Abgeltungssteuer bedarf Verbesserungen

Die geplante Abgeltungssteuer führt zu erheblicher Bürokratie, verschlechtert die Bedingungen für die private Altersvorsorge und führt zu einer Ungleichbehandlung vergleichbarer Anlageformen. Zu dieser Einschätzung kommt der BVI Bundesverband Investment und Asset Management. Damit die auch vom BVI grundsätzlich befürwortete Abgeltungssteuer ihre Ziele – Entlastung der Bürger, Finanzbehörden und depotführenden Stellen von bürokratischem Aufwand, höhere Akzeptanz der Besteuerung und damit Stärkung des Finanzplatzes Deutschland – erreicht, bedürfe es noch einiger Verbesserungen.

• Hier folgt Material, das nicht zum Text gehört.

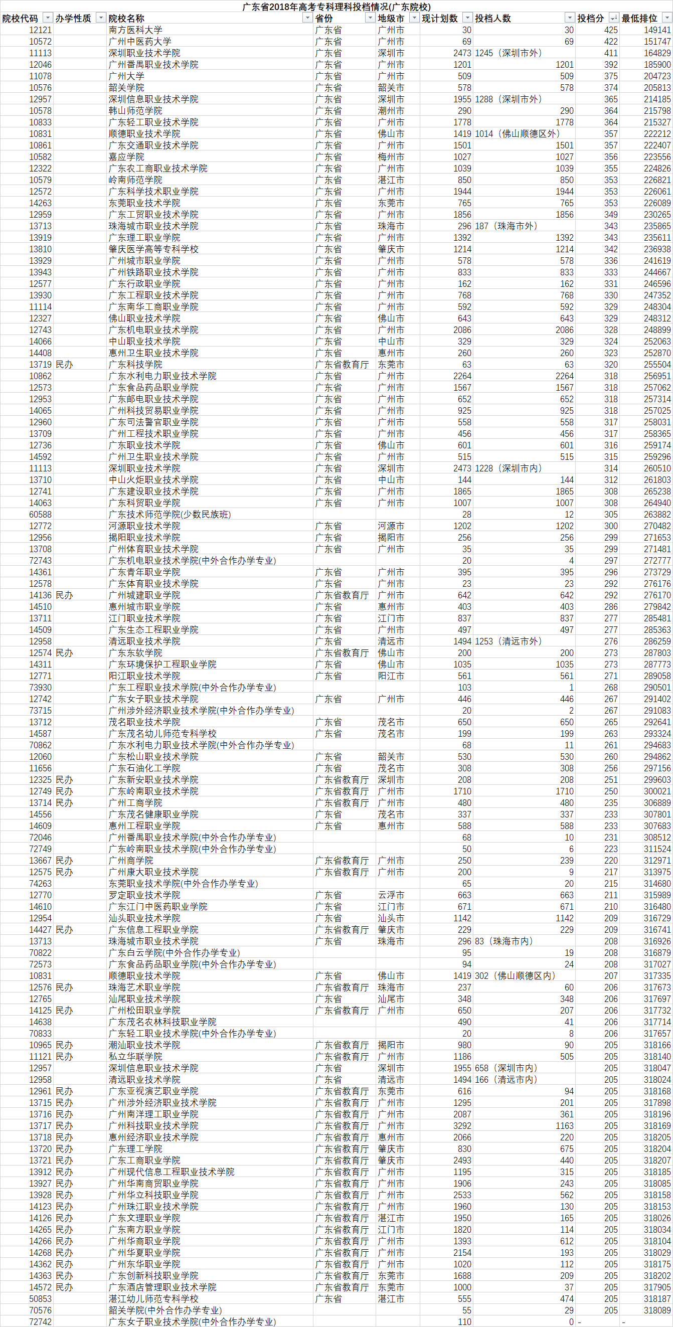 2018年广东高考理科专科分数线

Die Investmentbranche fordert deshalb drei wesentliche Anpassungen: Erstens sollten Erträge aus Investmentfonds systemkonform besteuert werden, wenn sie ausgeschüttet werden oder der Anleger seine Investmentanteile veräußert. Würde an der jährlichen Besteuerung thesaurierender Investmentfonds und damit der Zuflussfiktion festgehalten werden, müssten zur Verhinderung einer Doppelbesteuerung die bereits vom Anleger jährlich versteuerten Erträge bei der Rückgabe von Fondsanteilen aus dem Veräußerungsgewinn herausgerechnet werden. So sieht es der Gesetzentwurf der Bundesregierung vor. Das hierfür erforderliche Verfahren würde zu einem enormen Bürokratieaufbau führen und den Vereinfachungseffekt der Abgeltungssteuer stark in Frage stellen, erklärt der BVI.

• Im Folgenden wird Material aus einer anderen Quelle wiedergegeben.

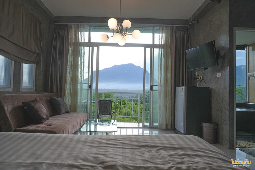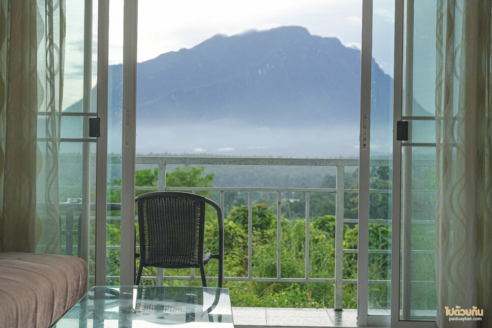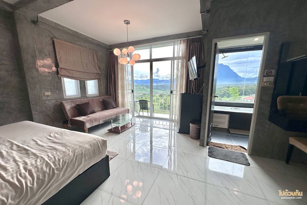 ส่วนใครชอบนั่งชิลล์กลางแจ้ง ด้านนอกก็มีระเบียงให้นั่งเล่นชมวิวแบบเต็มตาอีกด้วย นอนบนเตียงมองออกไปนอกประตู มองเห็นวิวดอยหลวงแบบไม่มีอะไรบัง และมีที่นั่งเล่นข้างนอกด้วย อะไรมันจะดีขนาดนี้

Zweitens müsste die Besteuerung langfristiger Veräußerungsgewinne gemildert werden, um der Geldentwertung und den Bedürfnissen der Bürger in Sachen Altersvorsorge Rechnung zu tragen. Die Folgen der Abgeltungssteuer für Vorsorgesparer macht die Investmentbranche an folgendem Beispiel deutlich: Bei einem Sparplan, bei dem der Vorsorgende 30 Jahre lang jeden Monat 100 Euro in Aktienfonds anlegt, kann der Sparer nach 30 Jahren durchschnittlich ein Endvermögen von rund 150.000 Euro erreichen. Bis lang bekam er diese Summe komplett ausgezahlt, in Zukunft müsse er auf den Wertzuwachs in Höhe von 114.000 Euro 25 Prozent Abgeltungssteuer zuzüglich Kirchensteuer und Solidaritätszuschlag zahlen. Ein Steuerbescheid von rund 32.000 Euro wäre die Folge. "Dies stellt eine erhebliche Beeinträchtigung der privaten Altersvorsorge dar und erschwert es, die wachsende Versorgungslücke zu schließen", sagt Stefan Seip, Hauptgeschäftsführer des BVI.

Zudem käme es ohne Abmilderung der Abgeltungssteuer auf Langfristanlagen zu einer Besteuerung inflationärer Scheingewinne: Bei einer angenommenen Inflationsrate von 2,34 Prozent für die nächsten 30 Jahre entspricht die Kaufkraft von 10.000 Euro heute einer Kaufkraft von 20.000 Euro in 30 Jahren. Wenn ein Anleger heute 10.000 Euro anlegt und seine Anlage in 30 Jahren auf 20.000 Euro wächst, hat er kaufkraftbereinigt keinen Gewinn erzielt, hat also keine Leistungsfähigkeit hinzu gewonnen. Dennoch ist vorgesehen, dass der "inflationäre Scheingewinn" von 10.000 Euro mit der Abgeltungssteuer belastet wird.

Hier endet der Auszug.